Embedding Progress: 100%|██████████| 4010/4010 [24:59<00:00,  2.67node/s]

Embedding process completed!





## MongoDB Vector Database and Connection Setup

MongoDB acts as both an operational and a vector database for the RAG system.
MongoDB Atlas specifically provides a database solution that efficiently stores, queries and retrieves vector embeddings.

Creating a database and collection within MongoDB is made simple with MongoDB Atlas.
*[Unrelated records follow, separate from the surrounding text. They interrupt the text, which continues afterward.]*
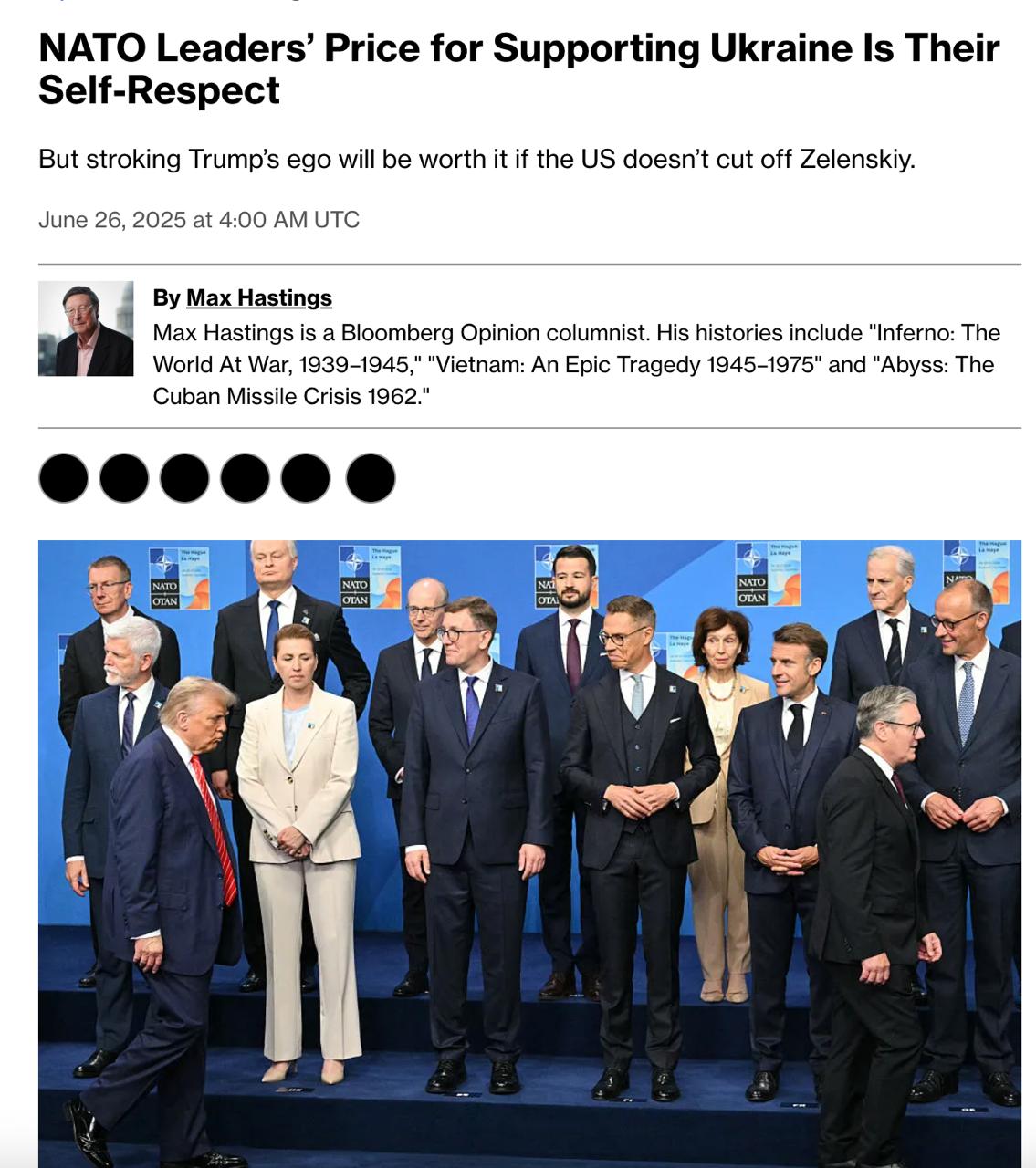 Колумнист Bloomberg Макс Гастингс назвал саммит "праздником любви с единственной целью: помешать самому импульсивному и эксцентричному президенту США в истории выбросить игрушки НАТО из своей коляски".
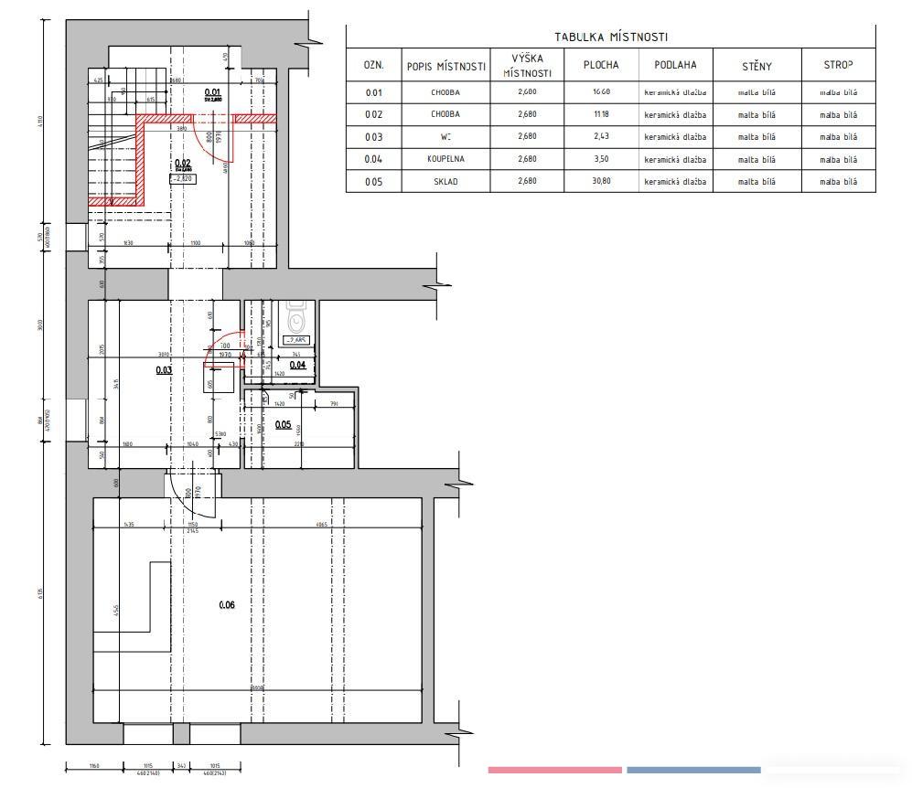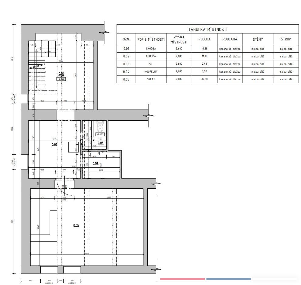 Zde nalezneme prostornou vstupní místnost, širší chodbu se samostatným WC a technickou místnosti, a dále se dostaneme do největšího dolního prostoru o velikosti 30 m2 s okny vedoucími do dvora na parkoviště, okna jsou umístěna v tzv. aglickém dvorku.
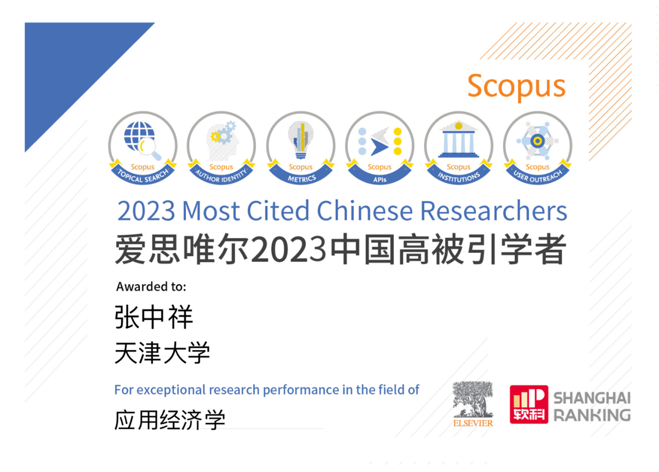 2024年3月27日,爱思唯尔(Elsevier)发布了2023“中国高被引学者”(Highly Cited Chinese Researchers)榜单。张中祥自该榜单发布以来连续十年入选经管领域“中国高被引学者”榜单。
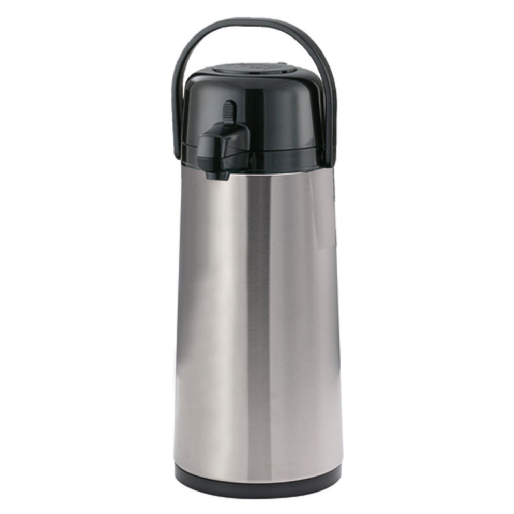 Service Ideas, ECAS22S, Eco-Air® Airpot, 2.4 liter (81.1 oz.), 6" x 8" x 16", retention: 4-6 hours, smooth body, stainless steel liner, pump style, black lid, vacuum insulated, hand wash (do not submerge), stainless steel, NSF (Priced per each, packed 6 each per case)

1. First, register for a [MongoDB Atlas account](https://www.mongodb.com/cloud/atlas/register). For existing users, sign into MongoDB Atlas.
2. [Follow the instructions](https://www.mongodb.com/docs/atlas/tutorial/deploy-free-tier-cluster/). Select Atlas UI as the procedure to deploy your first cluster.
3. Create the database: `airbnb`.
4. Within the database ` airbnb`, create the collection ‘listings_reviews’.
5. Create a [vector search index](https://www.mongodb.com/docs/atlas/atlas-vector-search/create-index/#procedure/) named vector_index for the ‘listings_reviews’ collection. This index enables the RAG application to retrieve records as additional context to supplement user queries via vector search. Below is the JSON definition of the data collection vector search index.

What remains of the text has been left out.